Task to carry out
Your output should be the lines below from the one holding "Envoyez par email" through the one holding "твоём сердце, приятель!", transcribed exactly, with no pictures.

Data
---
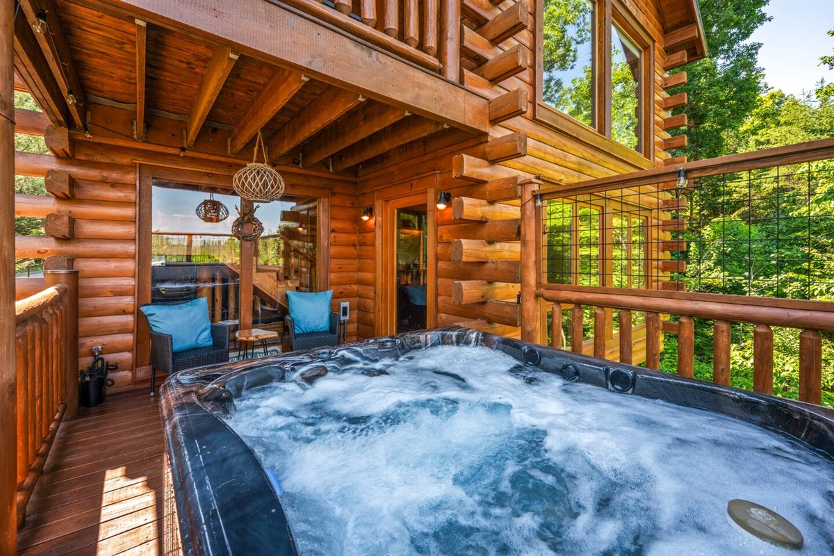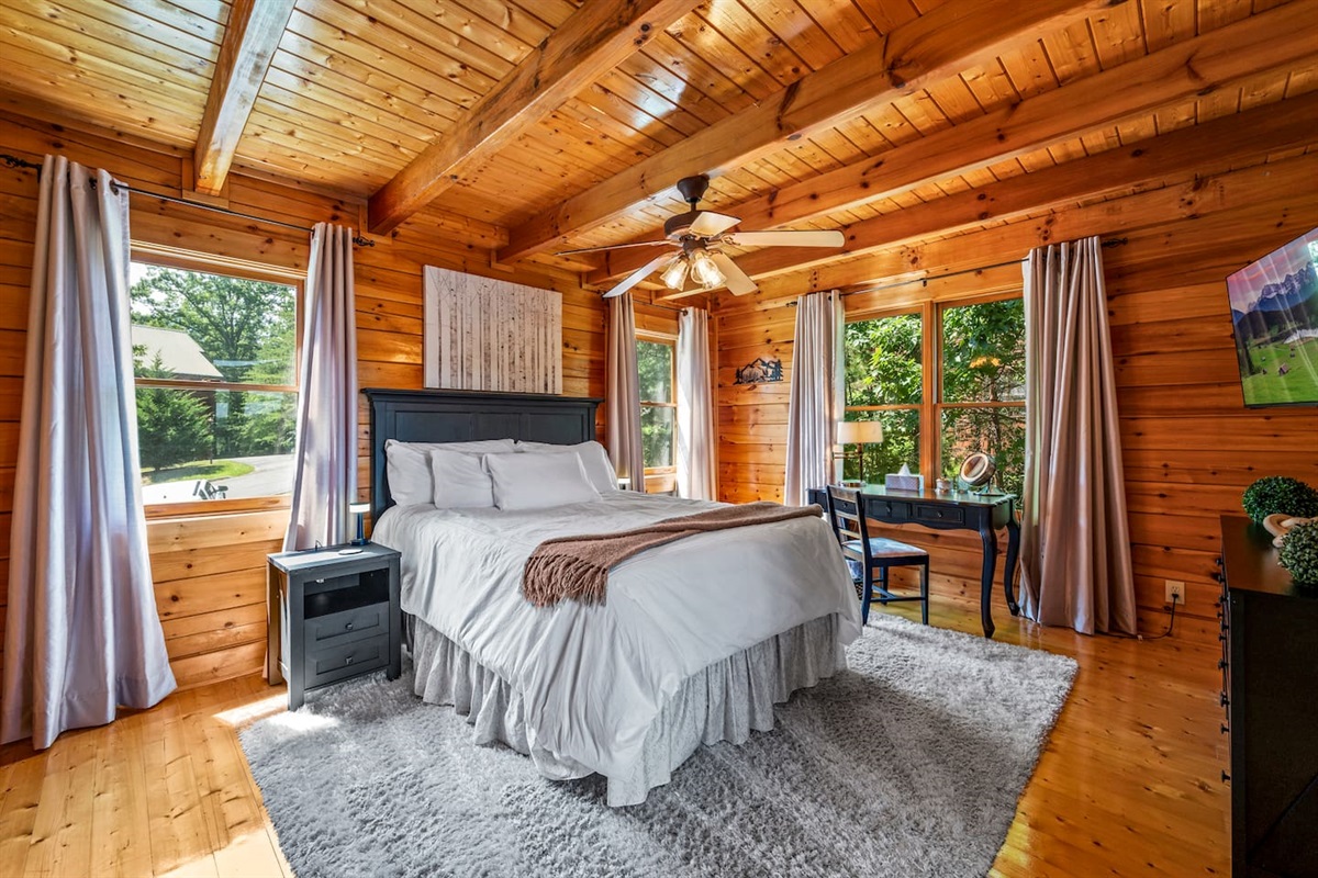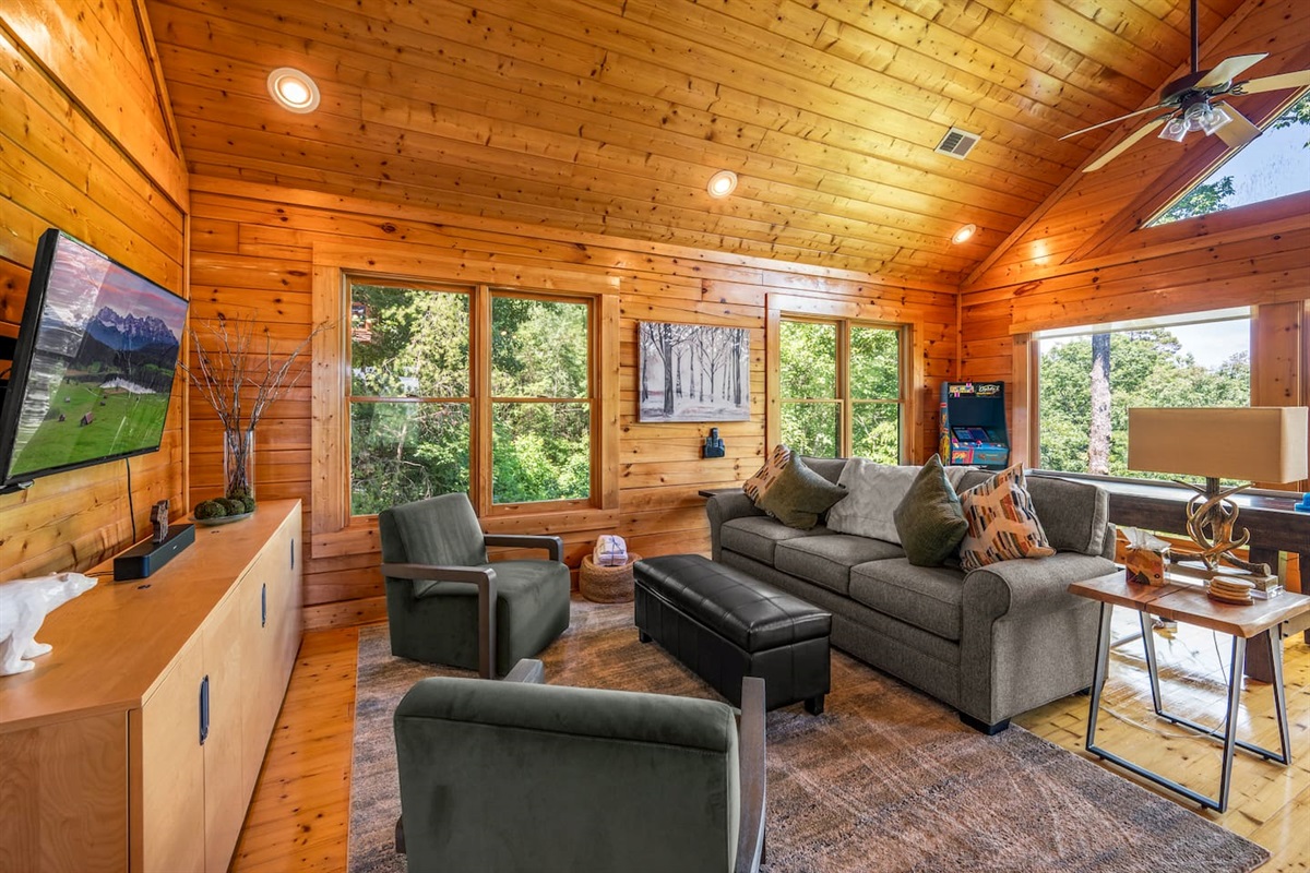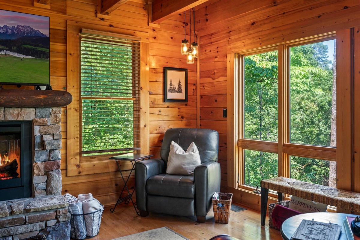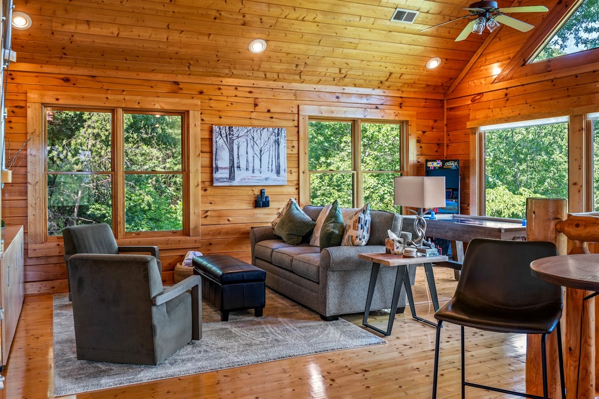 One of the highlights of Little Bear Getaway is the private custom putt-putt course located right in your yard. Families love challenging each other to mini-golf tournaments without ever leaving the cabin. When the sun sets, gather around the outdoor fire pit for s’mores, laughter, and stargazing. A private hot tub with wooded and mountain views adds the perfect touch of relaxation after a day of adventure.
---
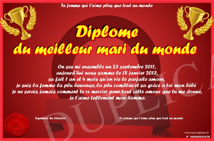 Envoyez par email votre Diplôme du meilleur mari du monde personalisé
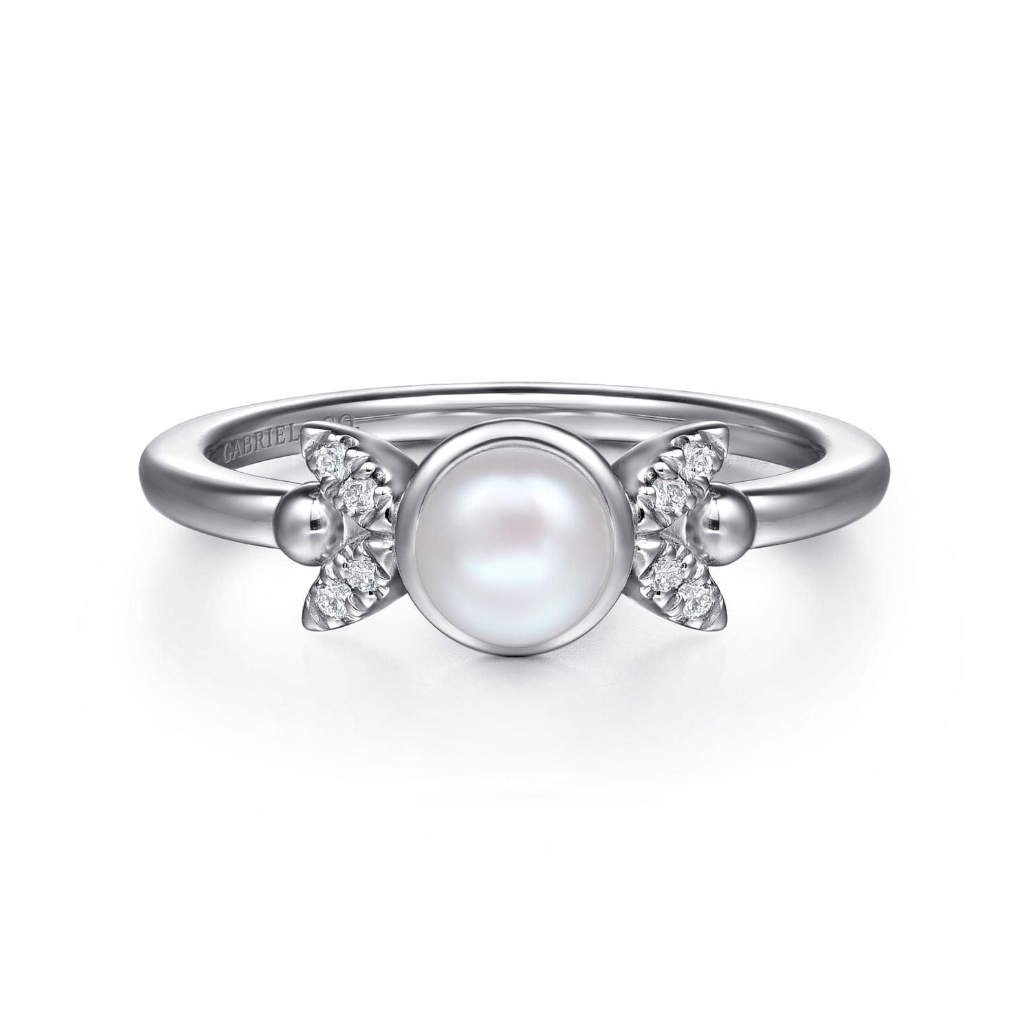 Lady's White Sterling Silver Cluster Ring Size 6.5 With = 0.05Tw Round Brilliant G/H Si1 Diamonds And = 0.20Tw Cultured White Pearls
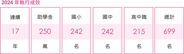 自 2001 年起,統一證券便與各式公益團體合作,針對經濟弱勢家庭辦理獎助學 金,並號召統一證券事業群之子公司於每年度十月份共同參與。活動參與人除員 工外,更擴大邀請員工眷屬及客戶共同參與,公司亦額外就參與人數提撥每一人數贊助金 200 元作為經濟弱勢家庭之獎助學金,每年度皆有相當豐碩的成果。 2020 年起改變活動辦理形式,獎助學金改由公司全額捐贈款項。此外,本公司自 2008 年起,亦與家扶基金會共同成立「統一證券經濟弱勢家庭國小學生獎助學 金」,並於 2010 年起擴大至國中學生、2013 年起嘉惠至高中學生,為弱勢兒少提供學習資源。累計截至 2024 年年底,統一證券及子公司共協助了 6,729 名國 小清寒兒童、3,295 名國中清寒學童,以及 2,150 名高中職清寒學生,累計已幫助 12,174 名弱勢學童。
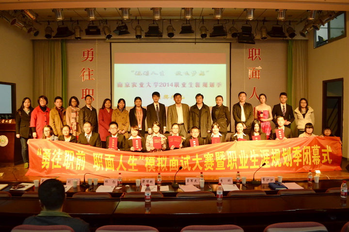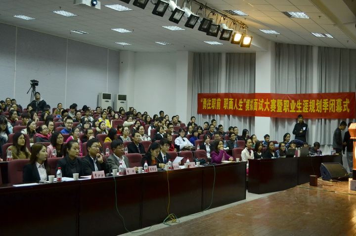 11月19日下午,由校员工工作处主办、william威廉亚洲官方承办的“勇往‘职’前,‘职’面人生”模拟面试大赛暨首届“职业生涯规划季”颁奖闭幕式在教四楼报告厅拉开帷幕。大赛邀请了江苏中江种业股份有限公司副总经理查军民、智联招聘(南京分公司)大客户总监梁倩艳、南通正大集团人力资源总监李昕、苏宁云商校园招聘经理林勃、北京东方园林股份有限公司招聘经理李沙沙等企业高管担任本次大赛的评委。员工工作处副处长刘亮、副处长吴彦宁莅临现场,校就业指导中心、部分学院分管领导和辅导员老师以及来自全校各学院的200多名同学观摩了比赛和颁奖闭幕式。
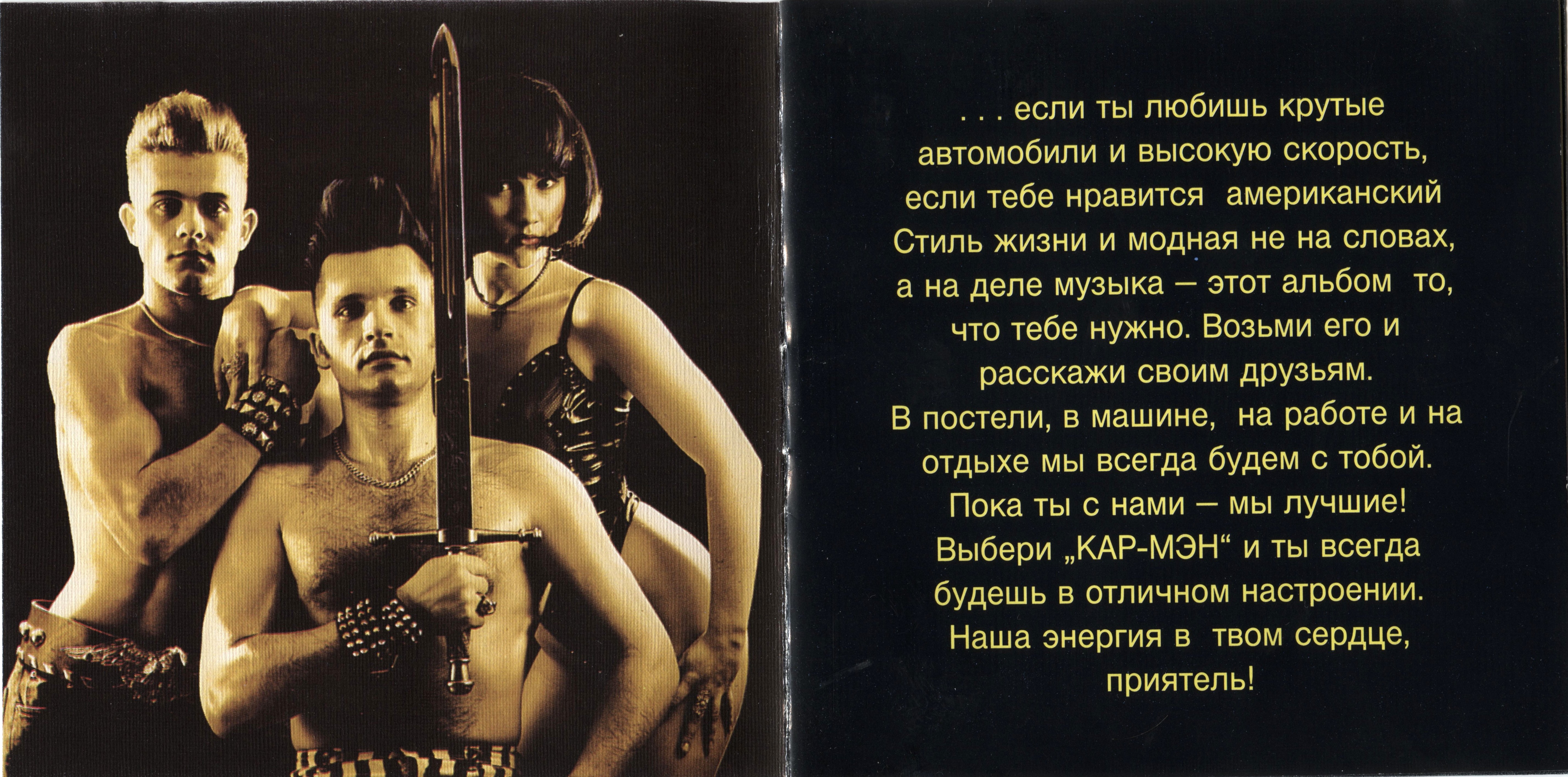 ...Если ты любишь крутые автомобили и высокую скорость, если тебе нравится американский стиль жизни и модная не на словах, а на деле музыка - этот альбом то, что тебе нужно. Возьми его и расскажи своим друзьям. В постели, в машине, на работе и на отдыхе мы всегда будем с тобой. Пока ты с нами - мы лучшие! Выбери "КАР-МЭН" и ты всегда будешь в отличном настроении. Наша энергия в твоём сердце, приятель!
---
Response to this task
 Envoyez par email votre Diplôme du meilleur mari du monde personalisé
 Lady's White Sterling Silver Cluster Ring Size 6.5 With = 0.05Tw Round Brilliant G/H Si1 Diamonds And = 0.20Tw Cultured White Pearls
 自 2001 年起,統一證券便與各式公益團體合作,針對經濟弱勢家庭辦理獎助學 金,並號召統一證券事業群之子公司於每年度十月份共同參與。活動參與人除員 工外,更擴大邀請員工眷屬及客戶共同參與,公司亦額外就參與人數提撥每一人數贊助金 200 元作為經濟弱勢家庭之獎助學金,每年度皆有相當豐碩的成果。 2020 年起改變活動辦理形式,獎助學金改由公司全額捐贈款項。此外,本公司自 2008 年起,亦與家扶基金會共同成立「統一證券經濟弱勢家庭國小學生獎助學 金」,並於 2010 年起擴大至國中學生、2013 年起嘉惠至高中學生,為弱勢兒少提供學習資源。累計截至 2024 年年底,統一證券及子公司共協助了 6,729 名國 小清寒兒童、3,295 名國中清寒學童,以及 2,150 名高中職清寒學生,累計已幫助 12,174 名弱勢學童。
 11月19日下午,由校员工工作处主办、william威廉亚洲官方承办的“勇往‘职’前,‘职’面人生”模拟面试大赛暨首届“职业生涯规划季”颁奖闭幕式在教四楼报告厅拉开帷幕。大赛邀请了江苏中江种业股份有限公司副总经理查军民、智联招聘(南京分公司)大客户总监梁倩艳、南通正大集团人力资源总监李昕、苏宁云商校园招聘经理林勃、北京东方园林股份有限公司招聘经理李沙沙等企业高管担任本次大赛的评委。员工工作处副处长刘亮、副处长吴彦宁莅临现场,校就业指导中心、部分学院分管领导和辅导员老师以及来自全校各学院的200多名同学观摩了比赛和颁奖闭幕式。
 ...Если ты любишь крутые автомобили и высокую скорость, если тебе нравится американский стиль жизни и модная не на словах, а на деле музыка - этот альбом то, что тебе нужно. Возьми его и расскажи своим друзьям. В постели, в машине, на работе и на отдыхе мы всегда будем с тобой. Пока ты с нами - мы лучшие! Выбери "КАР-МЭН" и ты всегда будешь в отличном настроении. Наша энергия в твоём сердце, приятель!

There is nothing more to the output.